Intervention de Laurent Duplomb

Réunion du 7 décembre 2017 à 10h45
Loi de finances pour 2018 — Compte d'affectation spéciale : développement agricole et rural

Photo de Laurent DuplombLaurent Duplomb :

Monsieur le président, monsieur le ministre, mes chers collègues, nous devons avoir conscience que le monde agricole est de plus en plus déboussolé, désabusé face aux demandes contradictoires qui lui sont faites : d’un côté, nos agriculteurs doivent être encore plus performants dans une économie mondialisée, et avec toujours plus de contraintes ; de l’autre côté, on ouvre nos marchés à des concurrents qui n’ont absolument pas les mêmes conditions de production.

Crise économique, crise morale profonde, voilà ce que vit notre monde agricole.

Dans ce contexte, le budget pour 2018 de l’agriculture nage en plein paradoxe. Il « vit de ses charmes aux dépens de la vérité ».

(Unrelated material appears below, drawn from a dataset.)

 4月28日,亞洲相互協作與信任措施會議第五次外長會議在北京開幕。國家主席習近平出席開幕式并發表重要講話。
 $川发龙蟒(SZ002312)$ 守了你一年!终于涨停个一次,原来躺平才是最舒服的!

Avec 3, 4 milliards d’euros, il est stable par rapport à 2017. Mais cette stabilité cache un premier paradoxe : des mouvements internes importants.

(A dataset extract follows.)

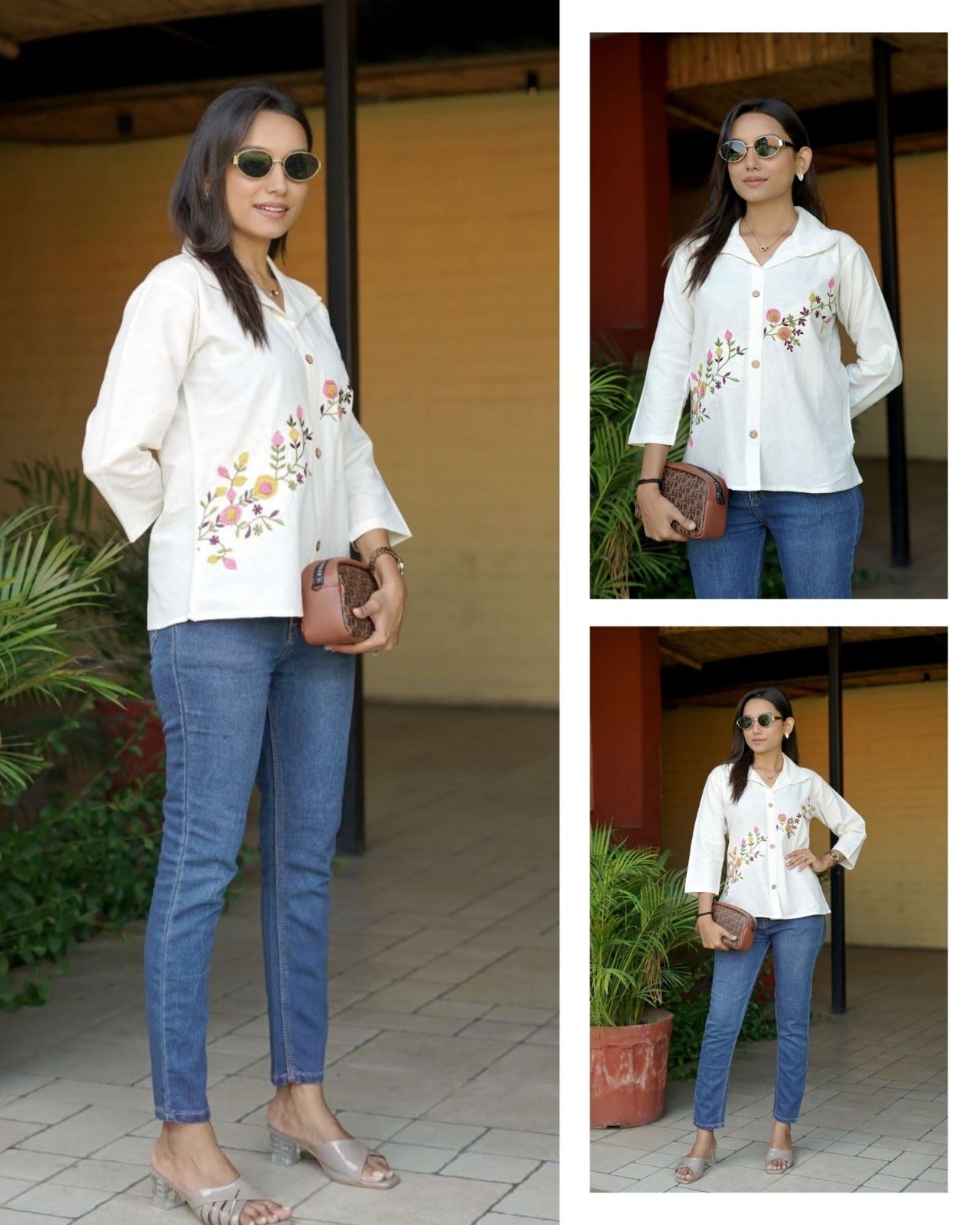 Premium Cotton Flex Embroidered Top – Button Down, Soft & Stylish

La fin de la prise en charge de la réduction de cotisations maladie des agriculteurs est remplacée par des crédits de paiement de 82 millions d’euros pour éponger les retards concernant les aides MAEC – mesures agroenvironnementales et climatiques – et aides au bio.

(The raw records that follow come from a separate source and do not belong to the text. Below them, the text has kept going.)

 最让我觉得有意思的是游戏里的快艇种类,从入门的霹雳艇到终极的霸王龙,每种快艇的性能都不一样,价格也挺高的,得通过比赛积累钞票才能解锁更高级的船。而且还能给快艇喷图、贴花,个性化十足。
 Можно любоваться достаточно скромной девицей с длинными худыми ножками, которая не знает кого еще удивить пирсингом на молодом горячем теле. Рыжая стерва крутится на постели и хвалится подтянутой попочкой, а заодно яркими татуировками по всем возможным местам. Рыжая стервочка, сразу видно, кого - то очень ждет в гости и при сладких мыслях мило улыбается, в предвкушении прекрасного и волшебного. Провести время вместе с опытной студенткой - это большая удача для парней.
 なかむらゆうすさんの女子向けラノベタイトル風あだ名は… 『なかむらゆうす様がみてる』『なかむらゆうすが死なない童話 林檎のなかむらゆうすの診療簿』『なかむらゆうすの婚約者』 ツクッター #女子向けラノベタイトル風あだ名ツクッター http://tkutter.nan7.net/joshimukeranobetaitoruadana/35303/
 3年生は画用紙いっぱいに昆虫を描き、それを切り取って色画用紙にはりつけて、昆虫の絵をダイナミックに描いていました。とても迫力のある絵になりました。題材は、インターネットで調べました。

Elle est aussi remplacée par une « réserve pour dépenses imprévues » de 300 millions d’euros, qui peut se révéler être un véritable piège.

La stabilité du budget n’est donc pas une stabilité rassurante !

Deuxième paradoxe : alors que la situation économique des agriculteurs est catastrophique, le premier budget du quinquennat met un coup fatal à l’objectif d’amélioration de la compétitivité.

La réduction du taux de l’assurance maladie des exploitants agricoles, l’AMEXA, avait apporté une bouffée d’oxygène. Elle est malheureusement remplacée par une cotisation progressive, qui coûtera la bagatelle de 120 millions d’euros aux agriculteurs !

Par ailleurs, si la compétitivité passe par l’investissement, pourtant, là aussi, les crédits diminuent de 84 à 56 millions d’euros.

Troisième paradoxe : alors que les aléas climatiques et économiques s’intensifient, il serait judicieux de mettre en place une gestion efficace des risques. Or, dans le budget pour 2018, il n’y a aucune proposition pour moderniser la déduction pour aléas, alors qu’il suffirait d’encourager fiscalement l’épargne de précaution. Il n’y a aucune politique favorisant les projets de développement des retenues d’eau. Enfin, il faudrait des crédits européens à la hauteur sur l’assurance multirisque climatique.

Quatrième paradoxe : le nombre d’agriculteurs baisse, et ceux-ci doivent de plus en plus rendre des comptes en contrepartie des aides versées au titre de la PAC. Dans le même temps, notre administration, qui compte 17 000 fonctionnaires, est sanctionnée par des refus d’apurement communautaires de 2 milliards d’euros en cinq ans, et des retards de paiement jamais égalés.

Comment sortir de ces paradoxes ? Le Gouvernement a lancé les États généraux de l’alimentation. Cela peut susciter des espoirs, mais nous doutons du résultat. Les contrats de filière seront des vœux pieux s’ils ne changent rien au déséquilibre du rapport de force entre 500 000 agriculteurs, 3 000 entreprises de l’agroalimentaire et – seulement ! – 4 centrales d’achat.